### WHAT YOU ARE ASKED TO DO
Copy word for word the lines in the records below, starting at the line with "No próximo domingo" and ending at the line with "开心消消乐第2393关怎么打". Skip the pictures.

### EXTRACTED INFORMATION

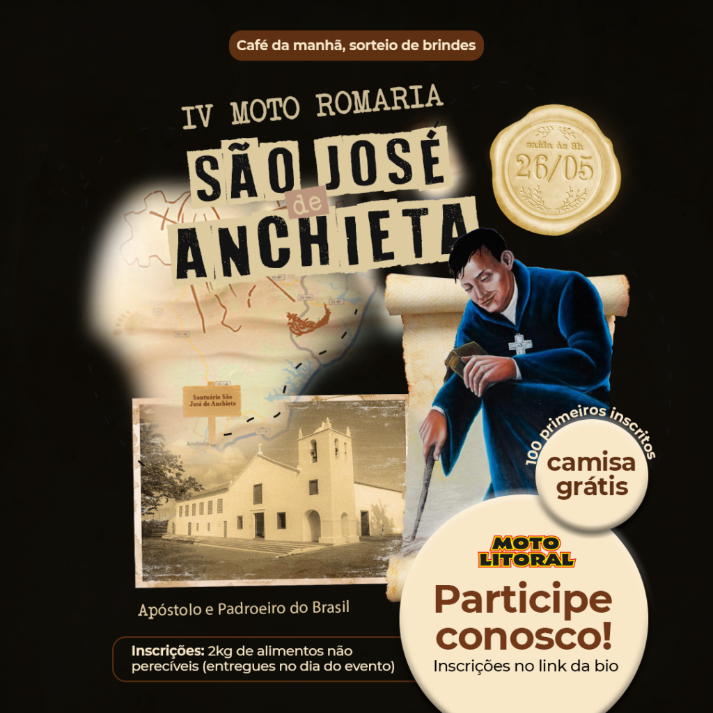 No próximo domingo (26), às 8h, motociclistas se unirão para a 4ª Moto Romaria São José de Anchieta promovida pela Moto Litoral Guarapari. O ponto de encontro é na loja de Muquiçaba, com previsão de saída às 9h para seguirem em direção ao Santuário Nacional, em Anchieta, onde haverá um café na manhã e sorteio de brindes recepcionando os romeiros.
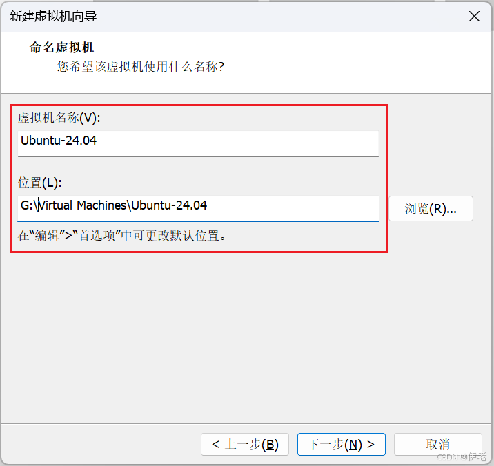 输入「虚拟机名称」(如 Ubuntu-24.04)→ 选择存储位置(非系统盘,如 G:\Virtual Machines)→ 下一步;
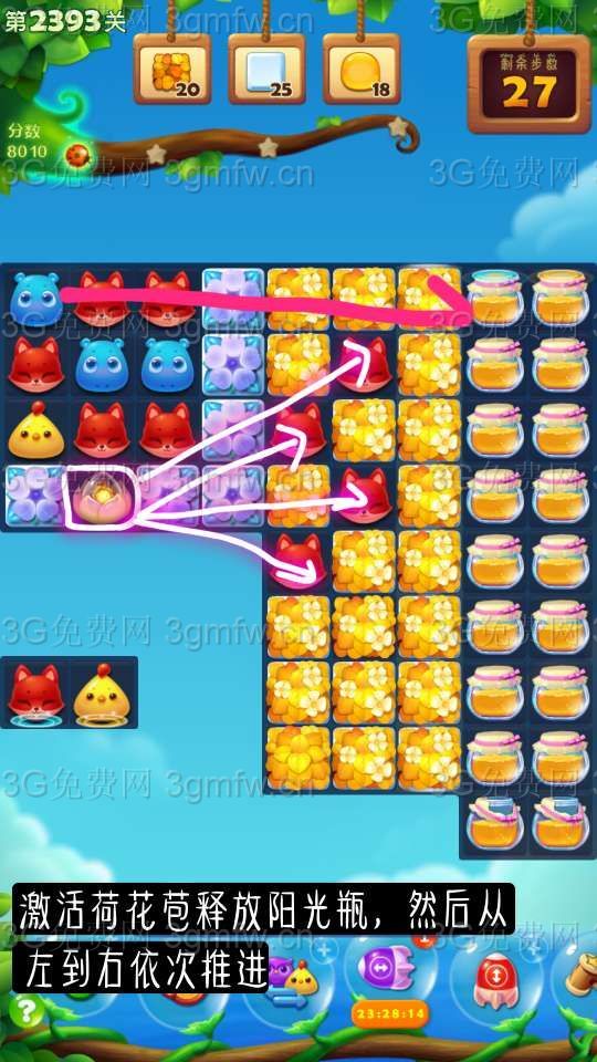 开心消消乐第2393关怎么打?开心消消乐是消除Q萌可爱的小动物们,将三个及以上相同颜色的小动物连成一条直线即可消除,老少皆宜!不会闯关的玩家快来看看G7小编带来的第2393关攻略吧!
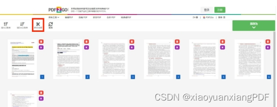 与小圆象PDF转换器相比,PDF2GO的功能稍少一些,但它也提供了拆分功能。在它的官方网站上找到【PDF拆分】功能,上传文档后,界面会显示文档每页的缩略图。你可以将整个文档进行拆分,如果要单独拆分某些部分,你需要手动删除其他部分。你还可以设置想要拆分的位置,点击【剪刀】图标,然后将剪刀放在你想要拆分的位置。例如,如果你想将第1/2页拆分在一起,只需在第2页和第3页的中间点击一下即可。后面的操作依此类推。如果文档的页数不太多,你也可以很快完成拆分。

...

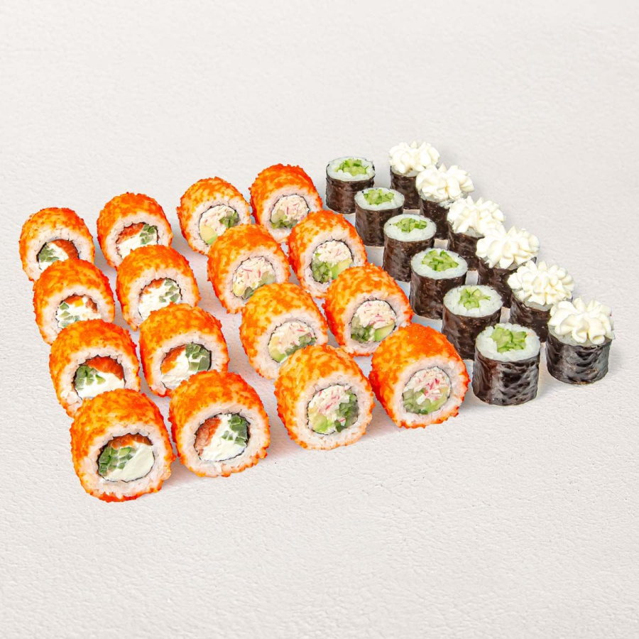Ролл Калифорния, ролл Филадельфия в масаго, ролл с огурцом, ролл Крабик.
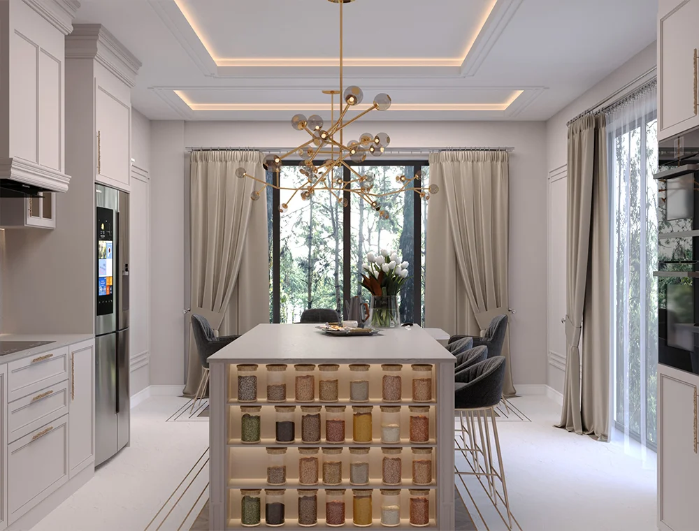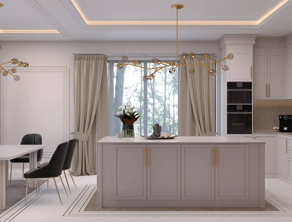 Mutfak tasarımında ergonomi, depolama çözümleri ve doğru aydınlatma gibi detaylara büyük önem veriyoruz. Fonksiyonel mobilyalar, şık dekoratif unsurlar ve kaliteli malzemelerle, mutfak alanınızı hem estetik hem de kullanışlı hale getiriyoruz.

### OUTPUT OF THE EXERCISE
 No próximo domingo (26), às 8h, motociclistas se unirão para a 4ª Moto Romaria São José de Anchieta promovida pela Moto Litoral Guarapari. O ponto de encontro é na loja de Muquiçaba, com previsão de saída às 9h para seguirem em direção ao Santuário Nacional, em Anchieta, onde haverá um café na manhã e sorteio de brindes recepcionando os romeiros.
 输入「虚拟机名称」(如 Ubuntu-24.04)→ 选择存储位置(非系统盘,如 G:\Virtual Machines)→ 下一步;
 开心消消乐第2393关怎么打?开心消消乐是消除Q萌可爱的小动物们,将三个及以上相同颜色的小动物连成一条直线即可消除,老少皆宜!不会闯关的玩家快来看看G7小编带来的第2393关攻略吧!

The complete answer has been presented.